As asset management CEOs pass the baton to their successors, will the new guard of leaders transform the industry? Are investment firms bringing in leaders with new skill sets and mindsets?
Asset managers have been switching CEOs at an unprecedented rate, a sign that the investment sector itself is at a turning point.
Last year alone saw new CEOs installed at Aegon Asset Management, Allianz Global Investors, AXA Investment Managers, BMO Global Asset Management, Fidelity Investments, GAM, HSBC Asset Management, J.P. Morgan Asset Management, JO Hambro Capital Management, Jupiter Fund Management, Legal & General Investment Management, M&G Investments, Martin Currie, Wells Fargo Asset Management and several smaller firms. Looking further back, in Q4 2018 the CEO role changed hands at DWS Group, Fidelity International and Macquarie Asset Management.
In the first quarter of this year, chief executives are taking the helm at Architas, Franklin Templeton, Nuveen and Waverton Investment Management. FTfm recently predicted that more CEOs will move on this year.
A confluence of factors are driving the turnover: M&A activity and consolidation; a shift from dual CEOs to a single head; generational change as CEOs retire and formulate succession plans; stakeholder dissatisfaction in some cases; and appointments creating their own momentum given that departing CEOs (some of whom moved to competitors) and interim leaders need to replaced.
So where are the new chiefs coming from? Are firms looking outside for new ideas or promoting their own people?

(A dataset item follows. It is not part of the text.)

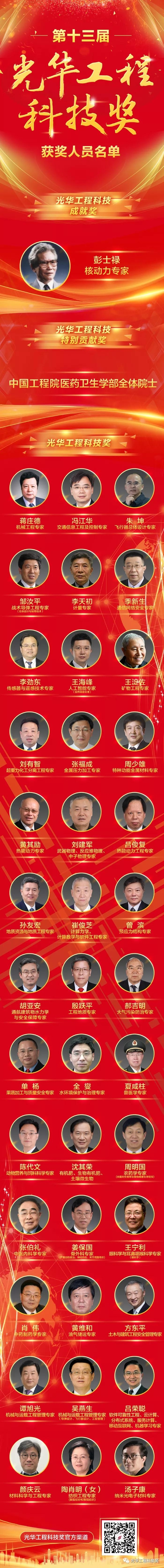 11月8日,第十三屆光華工程科技獎(jiǎng)揭曉儀式在北京隆重舉行。中國(guó)兵器工業(yè)集團(tuán)有限公司科技委副主任委員、戰(zhàn)術(shù)導(dǎo)彈工程專家鄒汝平獲第十三屆光華工程科技獎(jiǎng)(獲獎(jiǎng)人員全名單及鄒汝平事跡附后)。 光華工程科技獎(jiǎng)由中國(guó)工程院主管,每?jī)赡觐C發(fā)一次,目前已是第十三屆,被譽(yù)為“中國(guó)工程界最高獎(jiǎng)項(xiàng)”,極大地激勵(lì)了我國(guó)工程師、科學(xué)家從事工程科技研究、發(fā)展、應(yīng)用的積極性和創(chuàng)造性。根據(jù)光華工程科技獎(jiǎng)候選人提名要求,候選人需在重大工程設(shè)計(jì)、研制、建造、生產(chǎn)、運(yùn)行、管理等方面解決關(guān)鍵科學(xué)技術(shù)問題或在工程科學(xué)技術(shù)及工程管理領(lǐng)域有重要發(fā)現(xiàn)、發(fā)明,并有顯著應(yīng)用成效,或者是應(yīng)用本人研究成果、發(fā)明創(chuàng)造,發(fā)展高新技術(shù)及相關(guān)產(chǎn)業(yè),成效特別顯著者才可提名。今年,全國(guó)范圍內(nèi)共產(chǎn)生了296名有效候選人。 此次揭曉儀式正式公布了從296名候選人中評(píng)選出的第十三屆光華工程科技成就獎(jiǎng)、光華工程科技特別貢獻(xiàn)獎(jiǎng)以及光華工程科技獎(jiǎng)的獲得者,最終僅有40位專家和1個(gè)團(tuán)體獲獎(jiǎng)。本屆光華工程科技獎(jiǎng)的獲獎(jiǎng)科學(xué)家們,緊密圍繞國(guó)家重大戰(zhàn)略需求,瞄準(zhǔn)經(jīng)濟(jì)建設(shè)和事關(guān)國(guó)家安全的重大工程科技問題,緊貼新時(shí)代社會(huì)民生現(xiàn)實(shí)需求和軍民融合需求,加快自主創(chuàng)新成果轉(zhuǎn)化應(yīng)用,為創(chuàng)新驅(qū)動(dòng)發(fā)展,建設(shè)科技強(qiáng)國(guó),以及實(shí)現(xiàn)“兩個(gè)一百年”奮斗目標(biāo)和中國(guó)夢(mèng)做出了重要貢獻(xiàn)。 獲獎(jiǎng)人員全名單 來源/光華工程科技獎(jiǎng) |
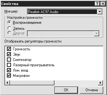 Убедитесь, что в показанном на рис. 2.19 окне при установленном переключателе Воспроизведениев списке Отображать регуляторы громкостиустановлен флажок Лин. вход. При нажатии кнопки OKрегуляторы будут показаны, и можно будет провести описанную выше настройку уровней громкости.

Looking at a snapshot of 31 new CEOs or Co-CEOs appointed in 2019 and 2020, appointments were evenly split between internal promotions (15) and external hires (16).
A third (29%) of the new chieftains held group or regional CEO roles at other firms, so the industry as a whole is not undergoing so dramatic a leadership transformation as it might first appear. It’s a case of more musical chairs, rather than a changing of the guard.
Six people (19%) held investment roles, which is to be expected given that investment is the beating heart of asset management.
The number of leaders who rose up through the distribution channel (seven people or 23%) is a bell-weather for its crucial importance. Success in the investment industry no longer hinges solely upon alpha generation, but also upon harnessing distribution channels, leveraging scale, entering new markets (Asia in particular), beta replication, ruthless cost control – and, above all, the ability to deliver what clients want and need, such as bespoke solutions and sustainable investments.
The remaining appointments draw from across the C-suite. Two of the new CEOs were promoted from the COO seat and one from CRO. Another was a CFO elsewhere. One executive was a Deputy CEO and two people were Co-CEOs who last year assumed sole responsibility. Two additional people have broad leadership experience across a variety of functions.
The next generation of leaders face gargantuan challenges. Multi-year trends such as digital innovation, climate change and the rise of China are disrupting the investment industry. Profit margins are shrinking due to fee pressure and competition from passive management. Costs are rising as investment in technology becomes imperative and regulatory scrutiny intensifies. Consolidation continues as businesses meld together to enhance their distribution muscle and achieve cost synergies, yet M&A activity creates its own challenges, not least retaining clients and employees.
Turnover creates an opportunity for soul-searching and to set a new direction. We may yet look back on 2019 as a turning point for the investment industry.